The lines below from the one with "Ну прямо интересное" up to and including the one with "Coastal Coral on" are what you should set down, exactly and without pictures.

(LISTED RECORDS)

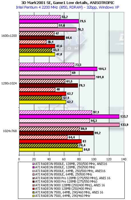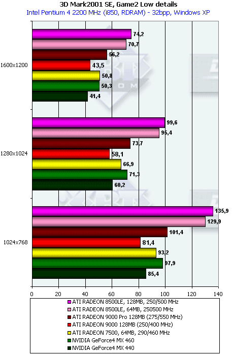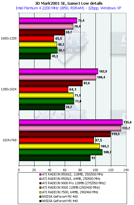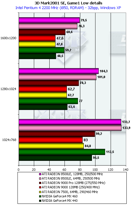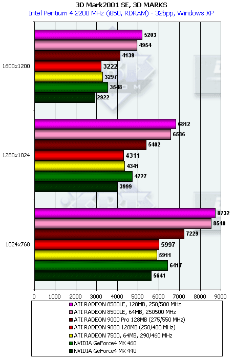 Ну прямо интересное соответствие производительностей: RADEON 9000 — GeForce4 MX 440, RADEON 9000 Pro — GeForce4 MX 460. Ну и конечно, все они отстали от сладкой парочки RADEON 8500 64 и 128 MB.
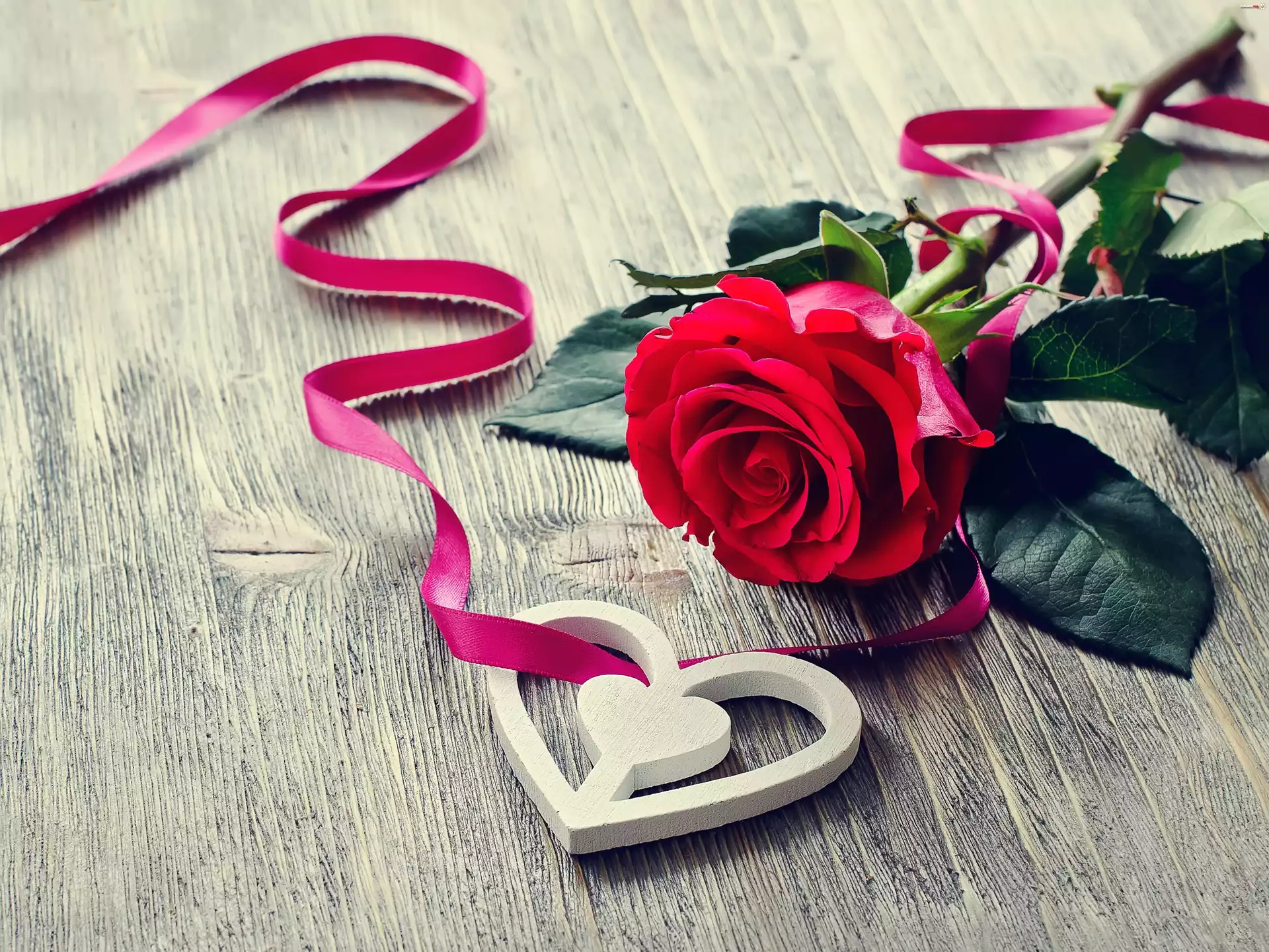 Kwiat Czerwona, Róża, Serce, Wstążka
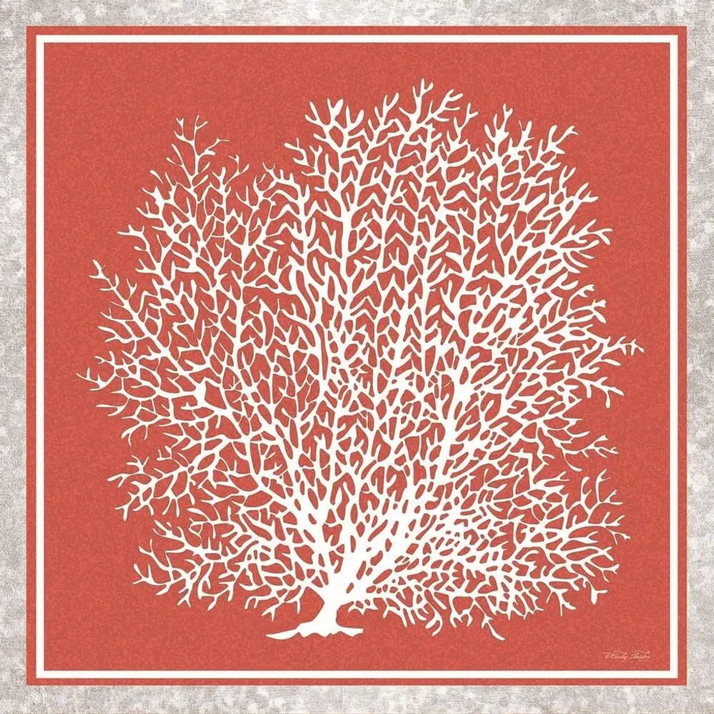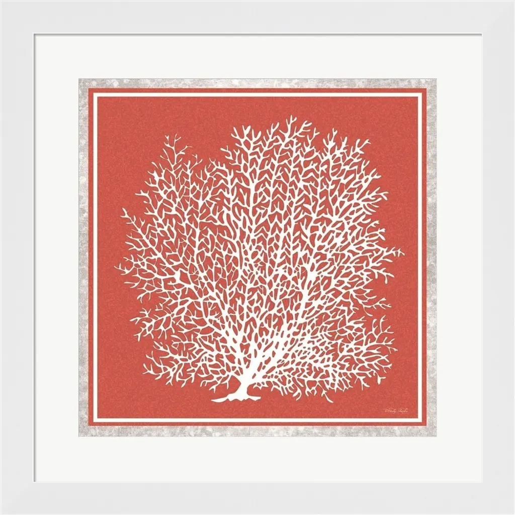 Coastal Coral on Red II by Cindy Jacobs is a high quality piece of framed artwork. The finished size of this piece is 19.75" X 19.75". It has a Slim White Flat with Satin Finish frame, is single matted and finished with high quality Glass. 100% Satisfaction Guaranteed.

(End LISTED RECORDS)
(LISTED RECORDS)

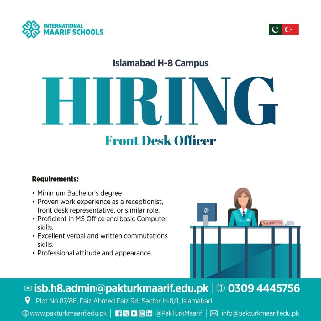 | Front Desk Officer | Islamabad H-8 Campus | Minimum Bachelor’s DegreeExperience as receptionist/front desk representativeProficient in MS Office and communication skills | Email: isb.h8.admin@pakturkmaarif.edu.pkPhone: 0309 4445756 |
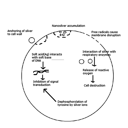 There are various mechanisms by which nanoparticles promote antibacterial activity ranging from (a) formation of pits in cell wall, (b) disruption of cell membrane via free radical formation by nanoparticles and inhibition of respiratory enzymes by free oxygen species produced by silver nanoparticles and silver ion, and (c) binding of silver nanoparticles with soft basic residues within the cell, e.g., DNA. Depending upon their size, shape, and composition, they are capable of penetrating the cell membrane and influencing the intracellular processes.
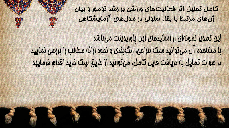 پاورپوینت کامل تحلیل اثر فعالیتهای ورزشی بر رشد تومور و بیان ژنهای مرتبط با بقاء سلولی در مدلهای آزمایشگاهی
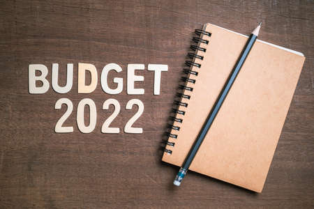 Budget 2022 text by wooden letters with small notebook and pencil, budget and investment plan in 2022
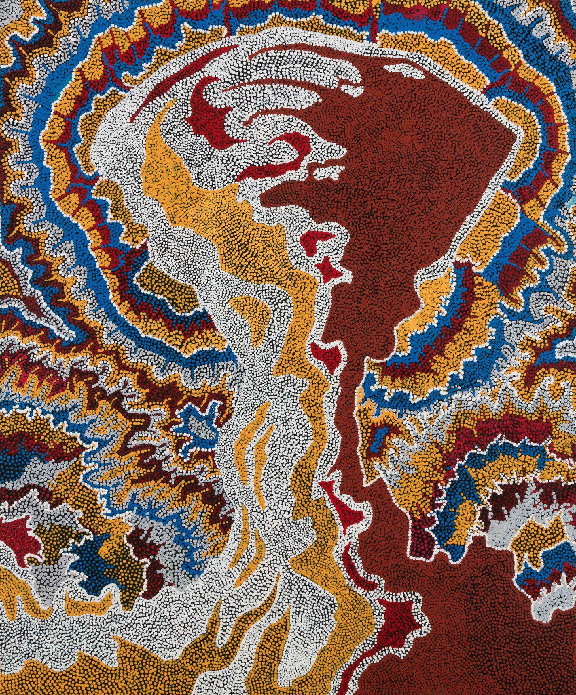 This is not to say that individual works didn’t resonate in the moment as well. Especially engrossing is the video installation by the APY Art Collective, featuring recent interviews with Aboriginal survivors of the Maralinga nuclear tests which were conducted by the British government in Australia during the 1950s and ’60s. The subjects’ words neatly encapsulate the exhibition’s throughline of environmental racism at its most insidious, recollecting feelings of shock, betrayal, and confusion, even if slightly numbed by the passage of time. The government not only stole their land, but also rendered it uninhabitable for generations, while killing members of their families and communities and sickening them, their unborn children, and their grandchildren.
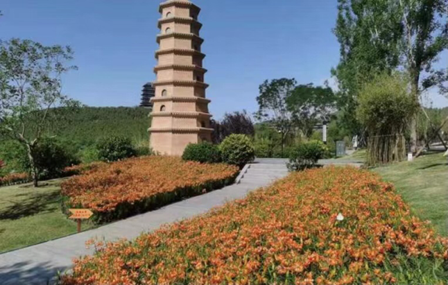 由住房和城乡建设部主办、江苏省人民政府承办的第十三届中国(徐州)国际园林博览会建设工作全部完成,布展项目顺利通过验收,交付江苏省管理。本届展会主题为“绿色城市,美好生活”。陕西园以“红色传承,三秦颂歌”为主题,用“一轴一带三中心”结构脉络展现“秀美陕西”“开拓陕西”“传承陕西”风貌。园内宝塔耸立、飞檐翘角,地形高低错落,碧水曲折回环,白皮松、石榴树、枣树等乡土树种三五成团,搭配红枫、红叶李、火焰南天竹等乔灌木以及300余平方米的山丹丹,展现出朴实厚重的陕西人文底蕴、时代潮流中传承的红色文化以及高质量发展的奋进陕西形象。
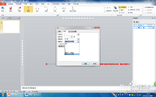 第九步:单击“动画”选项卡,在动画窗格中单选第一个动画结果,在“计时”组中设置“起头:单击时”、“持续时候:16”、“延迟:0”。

(End LISTED RECORDS)

*RESULT OF THIS EXERCISE*:
 Ну прямо интересное соответствие производительностей: RADEON 9000 — GeForce4 MX 440, RADEON 9000 Pro — GeForce4 MX 460. Ну и конечно, все они отстали от сладкой парочки RADEON 8500 64 и 128 MB.
 Kwiat Czerwona, Róża, Serce, Wstążka
 Coastal Coral on Red II by Cindy Jacobs is a high quality piece of framed artwork. The finished size of this piece is 19.75" X 19.75". It has a Slim White Flat with Satin Finish frame, is single matted and finished with high quality Glass. 100% Satisfaction Guaranteed.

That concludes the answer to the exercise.